Zac shook his head. “That was different. My boys— It was different.”
“Family’s family to you. And love of heaven, Zac, you latch on so dang hard.”
Not true. Or … was it?
“I don’t get it, but I get it. People are your oxygen, especially close people. But longevite or not, Rachel isn’t close. Might never be.”
He didn’t want to agree. Wasn’t sure he could. He shuddered as the months of the first Life Buoy stirred in his memory, the months after his youngest son was killed in a car accident at fifty-two years old. And two subsequent vigils over him—when his eldest boy was lost to cancer, his middle boy a decade later to old age and Alzheimer’s. To this day Zac’s grief remained a monster, slumbering at the core of him, possessing claws and fangs and fiery breath, still capable of brutalizing him if he crossed near.
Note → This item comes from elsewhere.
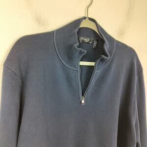 Theory Walton 1/4 Zip Sweater Mens XL Navy Blue Cotton Stretch Preppy Designer

His phone buzzed. A text from Tiana. WITHOUT CEASING, FOR YOU TOO.
He pressed the phone to his chest and drew a long breath that stabbed in his side.
“What?” Simon said.
“I asked Tiana to pray.”
“Hmm.”
They drove. Road rolled away, miles added up, minutes ticked toward sunset and then kept ticking. Dusk turned dark. The reinforcement of Tiana’s prayer faded. Zac’s knee began jumping again. He messaged Rachel: PLEASE ANSWER. Beauty was gone from the sky now, from the landscape they passed. All was shadowed.
The road ended.
It had ceased to be a highway at some point and become a two-lane asphalt strip. It terminated in a pull-off complete with drinking fountain, restroom, locking bars for bikes, and of course parking spaces. None of the vehicles was a gray SUV.
Shoulder to shoulder, they struck out for the beach.
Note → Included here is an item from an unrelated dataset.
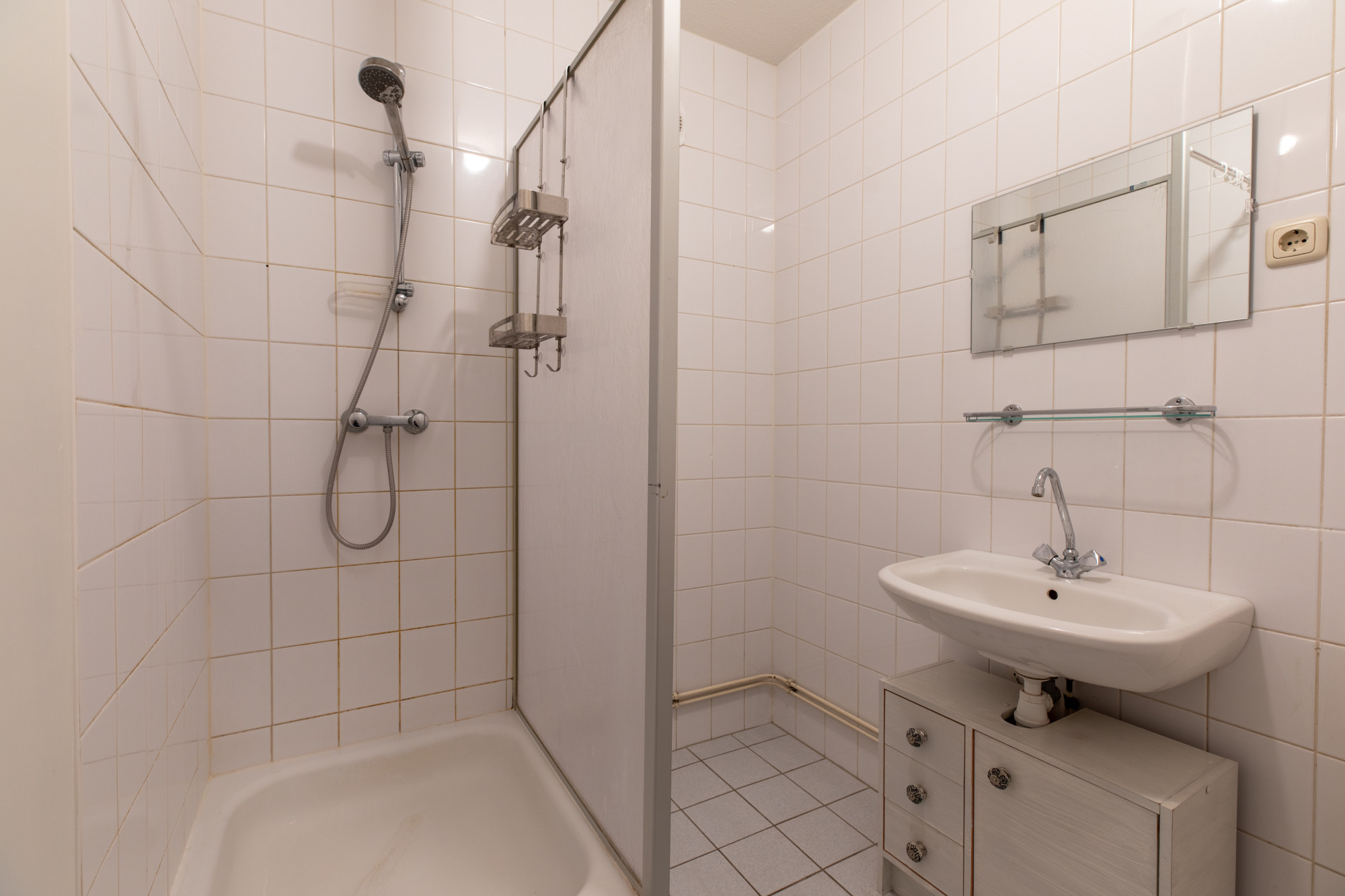 Geheel betegelde badkamer (2.42 x 1.79 m) met douche, vaste wastafel en aansluiting voor wasautomaat.

“Going to be freezing with that lake wind,” Simon said.
The wind came in harsh off the water, watering Zac’s eyes as they walked into it. At the end of the street, they peered into the night. Other than the streetlight under which they stood, the beach was left to the darkness, but as they cleared the first incline toward the water, orange lights glowed at random to their left and right.
“Fire pits,” Zac said. “Come on.”
As they padded down the beach, Simon’s strides seemed longer than usual. Oh, right— Zac was setting the pace, practically running. The fires flickered against the young night, illuminating hunched backs on the near side of each circle and faces on the far side. Four pits in total, and three of them thronged with noisy, cheery groups. At the fourth, a single figure huddled, back to them, pale hair cascading halfway to her hips.
“There,” Simon said.
Adrenaline surged into Zac’s system. “Stay here for a minute.”
He headed across the sand without taking off his shoes. He might have to chase her, and at this point, hang it all, he wouldn’t hesitate to do so in front of witnesses.
She was crouched close to the flames, feeding them. Sparks popped and rose into the night to die over her head. Zac approached her from the side, but she didn’t catch sight of him. Beside her lay an accordion file folder. Two more were succumbing to the fire, only seconds ago set atop the kindling wood, writhing and shrinking and falling apart into ashes. Papers within them began to scorch. She threw the stack in her hand onto the rest.
Not rushing her took all his willpower. Instead he called out. “Rachel.”
She grabbed the folder and jumped to her feet. Past the circle of firelight she couldn’t see him. “Zac?”
“It’s me.”
“What are you doing here?” She clasped the folder in her arms.
“Did you take it?” He dropped his voice. The water would magnify echoes. “Rachel, please, the cure, did you take it?”
“Soon.” She spoke the word with the purest grade of hope and relief. “As soon as I’ve finished with my pyre.”